Keyword Extraction is a technique to automatically detect important words from the text stored in a field.
The Keyword Extraction stage in Index Pipeline allows you to identify a set of keywords from a source field and save the identified keywords in a target field so that it can be used to identify the intention of the search user better. SearchAssist supports various NLP algorithms to extract keywords.
You can:
- Define a condition for the keyword extraction stage. The keywords will be extracted only from the documents that satisfy the given condition.
- Re-order or delete keyword extractions.
- Simulate the changes before saving them.
Ensure to Train your app each time you make changes to any index configuration. This builds the index based on the updated configurations.
Configuration
To configure keyword extraction, follow the below steps:
- Click the Indices tab on the top.
- On the left pane, under the Index Configuration section, click Workbench.
- On the Workbench (Index Configuration) page, on the Stages column, click the + icon.
- On the right column, select Keyword Extraction from the Stage Type drop-down list.
- Enter a name in the Stage Name field.
- Enter a condition in the Condition field. You can add multiple conditions using the AND/OR connectors. Documents that satisfy the condition will be executed as part of the stage. See below for details.

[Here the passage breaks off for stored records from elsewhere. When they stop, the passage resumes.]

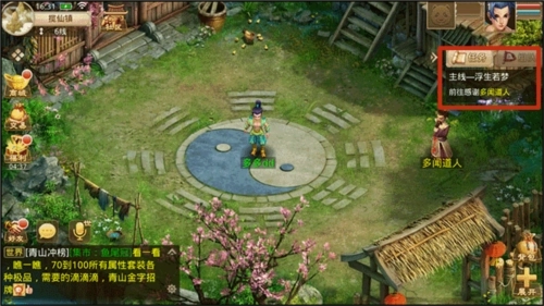 1、启动问道快手版进入游戏后,当玩家到达该场景时,需点击对话来推进剧情。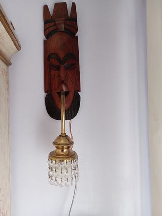 Aplique realizado con el reciclaje de una máscara étnica tallada a mano y una tulipa de lampara antigua. Ideal para decorar cualquier rincón de casa dándole un toque original . El precio es sin la bombilla. Medidas aproximadas 56cm alto x 12cm ancho x 15cm profundidad. Más modelos en mi perfil. retro vintage moda mueble madera bronce metal escultura figura artesanía decoracion salón comedor habitación bufett armario iluminación antiguo jardinera macetero pedestal columna herrajes santo escapulario virgen Jesús ángel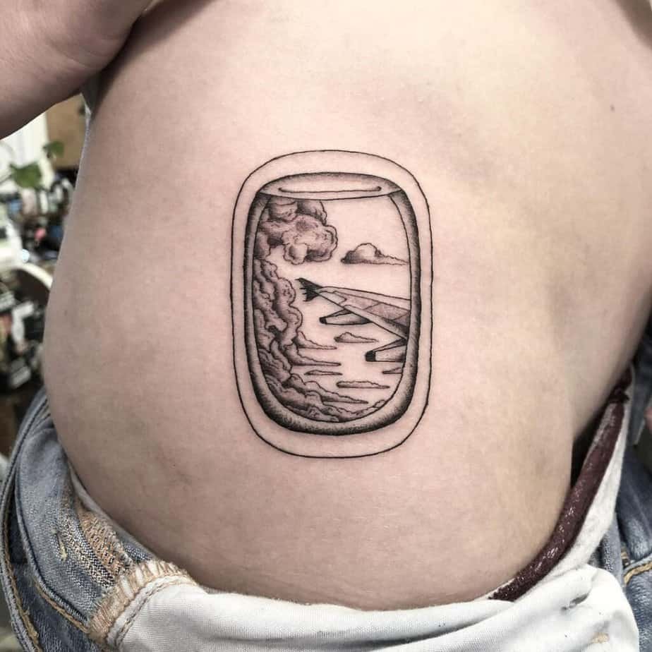 There’s something about seeing the world from a little oval window that sticks with you. This black-and-gray design captures that exact feeling — the quiet awe of cloud seas and coastlines. It’s the kind of tattoo that makes me pause and remember a specific sunrise over some city I’d only just discovered.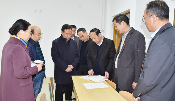 在学校办公室、教务处、教师教育学院、安顺校区管理办公室、数学与信息科学学院负责同志以及相关同志的陪同下,李东一行先后到声像媒体实验室、心理测量与统计实验室、科学探索综合实训室、微课创作室、书画技能实训室,以及艺术楼、教学楼、图书馆等场地,进行了检查指导。每到一处,李东都认真听取相关负责人的准备情况汇报,并就材料准备、考查路线、环境美化、氛围营造、宣传展示、人员组织、条件保障等方面工作,针对性地提出改进建议。

- Select the field you want to extract keyword from as Source Field
- Define where you want to store the extracted keyword as Target Field. This field is created by the application.
- Choose a model from the Choose Model drop-down list. See below for details.

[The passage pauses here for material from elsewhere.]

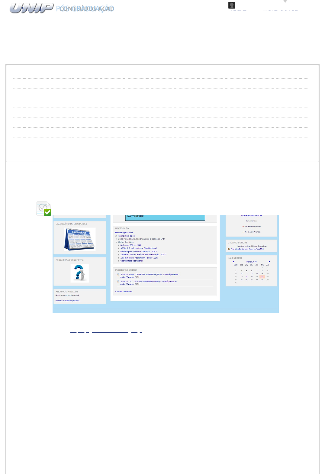 26/04/2023, 13:34 Revisar envio do teste: Questionário - Unidade lV – ... https://ava.ead.unip.br/webapps/assessment/review/review.jsp?attempt_id=_93640714_1&course_id=_56633_1&content_id=_853929_1&return… 1/10 Revisar envio do teste: Questionário - Unidade lV Métodos e Técnicas na Aplicação de Ensino para Adultos 13985-40-ED11389_10_02-202331 Unidade IV Usuário Wiliane Marcos de Carvalho Curso Métodos e Técnicas na Aplicação de Ensino para Adultos Teste Questionário - Unidade lV Iniciado 26/04/23 13:15 Enviado 26/04/23 13:34 Status Completada Resultado da tentativa 0,6 em 0,75 pontos Tempo decorrido 18 minutos Resultados exibidos Todas as respostas, Respostas corretas, Comentários, Perguntas respondidas incorretamente Pergunta 1 Respostas: a. Veja a imagem abaixo: Fonte: http://pigead.lanteuff.org/my/. Acesso em 19 mar 2019. Essa é a imagem de um ambiente tecnológico. Como sabemos, a EaD vem se desenvolvendo de forma bastante acelerada em nosso país. Isso se deve, especialmente, por suas características de romper com as barreiras de espaço e tempo, apresentar um grau de flexibilidade superior à educação presencial e utilizar as TICs em ambientes previamente preparados com interface amigável e graus de interação diversos. Os ambientes tecnológicos para o desenvolvimento do trabalho com EaD são chamados de: ATs: Ambientes Tecnológicos para abrigar professores e alunos, organizados numa disciplina ou curso, onde são postadas tarefas para serem resolvidas on line PÓS EAD COMUNIDADES BIBLIOTECAS Mural do AlunoCONTEÚDOS ACADÊMICOS 0,075 em 0,075 pontos Wiliane Carvalho 3 https://ava.ead.unip.br/webapps/blackboard/execute/courseMain?course_id=_56633_1 https://ava.ead.unip.br/webapps/blackboard/content/listContent.jsp?course_id=_56633_1&content_id=_853915_1&mode=reset http://pigead.lanteuff.org/my/ https://ava.ead.unip.br/webapps/portal/execute/tabs/tabAction?tab_tab_group_id=_66_1 https://ava.ead.unip.br/webapps/portal/execute/tabs/tabAction?tab_tab_group_id=_69_1 https://ava.ead.unip.br/webapps/portal/execute/tabs/tabAction?tab_tab_group_id=_67_1 https://ava.ead.unip.br/webapps/portal/execute/tabs/tabAction?tab_tab_group_id=_68_1 https://ava.ead.unip.br/webapps/portal/execute/tabs/tabAction?tab_tab_group_id=_70_1 https://ava.ead.unip.br/webapps/login/?action=logout 26/04/2023, 13:34 Revisar envio do teste: Questionário - Unidade lV – ... https://ava.ead.unip.br/webapps/assessment/review/review.jsp?attempt_id=_93640714_1&course_id=_56633_1&content_id=_853929_1&return… 2/10 b. c. d. e. Comentário da resposta: AVAs: Ambientes Virtuais de Aprendizagem desenvolvidos para gerenciar os conteúdos dos cursos ou disciplinas junto aos alunos, com acesso on line e síncrono ATs: Ambientes Tecnológicos para funcionar como repositório de conteúdo e distribuição, junto aos alunos, em tempo diferido AVAs: Ambientes Virtuais de Aprendizagem desenvolvidos para gerenciar a aprendizagem dos alunos, dispondo de ferramentas síncronas e assíncronas AVAs: Ambientes Virtuais de Aprendizagem desenvolvidos para gerenciar os conteúdos dos cursos ou disciplinas junto aos alunos, com acesso assíncrono Os ambientes virtuais de aprendizagem – AVAs – como o da imagem, tem o objetivo de gerenciamento de todo o processo de aprendizagem. Neles as atividades são de diversas ordens e podem ser síncronas, ou seja, ocorrer em tempo real, ou assíncronas, ou seja, após dispostas, o aluno as acessa em seu tempo e as realiza. Unidade 4, pp. 77-82 ADAPTADO DE: UECE-CEV - 2018 - DETRAN-CE - ANALISTA DE TRÂNSITO E TRANSPORTE - ASSUNTOS EDUCACIONAIS Pergunta 2 Analise a tirinha: Fonte: http://Wiltrando.com.br. Acesso em: 19 mar 2019 A personagem tem uma monografia para fazer, mas se perde no oceano da virtualidade e, ao invés de fazer seu trabalho, navega por diversos recursos tecnológicos. A EaD, devido a sua variedade de recursos, pode provocar É 0,075 em 0,075 pontos http://wiltrando.com.br/ 26/04/2023, 13:34 Revisar envio do teste: Questionário - Unidade lV – ... https://ava.ead.unip.br/webapps/assessment/review/review.jsp?attempt_id=_93640714_1&course_id=_56633_1&content_id=_853929_1&return… 3/10 Respostas: a. b. c. d. e. Comentário da resposta: essas “viagens” no usuário, no aluno. É importante refletir sobre isso. Tendo isso em mente, quanto à EaD, leia as assertivas a seguir: I) Ser aluno EaD significa atuar nos AVAS e, através de seus recursos e ferramentas, expressar pensamentos, tomar decisões, dialogar, trocar informações e experiências e produzir conhecimento. II) Cada pessoa busca as informações que lhe são mais pertinentes. Internalizá-las, apropriar-se delas e as transformar em uma nova representação, ao mesmo tempo em que se transforma e volta a agir no grupo, transformado e transformando o grupo não é função da EaD. III) Em EaD ensinar é organizar situações de aprendizagem, planejar e propor atividades, identificar as representações do pensamento do aluno, atuar como mediador e orientador, fornecer informações relevantes, incentivar a busca de distintas fontes de informações, realizar experimentações, provocar a reflexão sobre processos, favorecer a formalização de conceitos, propiciar aprendizagem significativa do aluno. Está correto o indicado em: ) Apenas I, II Apenas I Apenas II Apenas III Apenas I, III Cada pessoa busca as informações que lhe são mais pertinentes nas AVAs. Internalizá-las, apropriar-se delas e as transformar em uma nova representação, ao mesmo tempo em que se transforma e volta a agir no grupo, transformado e transformando o grupo é uma das funções da EaD, que visa promover, além da aprendizagem, o desenvolvimento da autonomia do aluno. Os AVAs são espaços autônomos por natureza. Isso não quer dizer que o aluno navegará sempre sozinho, já que há o tutor que deve estar sempre acompanhando seus alunos, mas, no AVA o aluno deverá responder a questionários, acessar fóruns, secreta

- Click Simulate to verify the configurations. The simulator displays the Source and the number of documents to which the mapping was applied, and the result. You can change the Source (if not mentioned in the condition) and the number of documents.
- Once done, click Save Configuration on the top-right.
Models
The following models are supported:
- Topic Rank – It is a method to extract keyphrases from the most important topics of a document.

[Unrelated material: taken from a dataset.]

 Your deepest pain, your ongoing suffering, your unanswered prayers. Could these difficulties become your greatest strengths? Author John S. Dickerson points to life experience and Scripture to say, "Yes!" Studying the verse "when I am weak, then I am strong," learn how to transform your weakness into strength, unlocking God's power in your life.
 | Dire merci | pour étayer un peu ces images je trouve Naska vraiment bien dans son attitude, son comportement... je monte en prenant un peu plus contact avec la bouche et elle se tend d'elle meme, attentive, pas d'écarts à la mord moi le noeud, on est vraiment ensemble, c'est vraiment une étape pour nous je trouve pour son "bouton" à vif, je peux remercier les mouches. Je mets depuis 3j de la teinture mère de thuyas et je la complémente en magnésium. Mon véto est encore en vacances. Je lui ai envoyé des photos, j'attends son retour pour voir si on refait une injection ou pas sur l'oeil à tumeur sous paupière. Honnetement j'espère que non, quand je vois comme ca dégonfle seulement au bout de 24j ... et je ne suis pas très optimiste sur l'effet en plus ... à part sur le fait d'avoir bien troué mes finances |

- Position Rank – It is a method to capture both highly frequent words or phrases and their position in a document.
- Multi-partite Rank – It is a keyphrase extraction method that encodes topical information within a multi-partite graph structure.
Conditions
Condition is of the following format: ctx.field_name==value
or ctx.field_name!=value
. The field_name can be obtained from the Fields table under Index Configuration.
For example, ctx.contentType=="web"
to restrict the extraction from the content from a web source.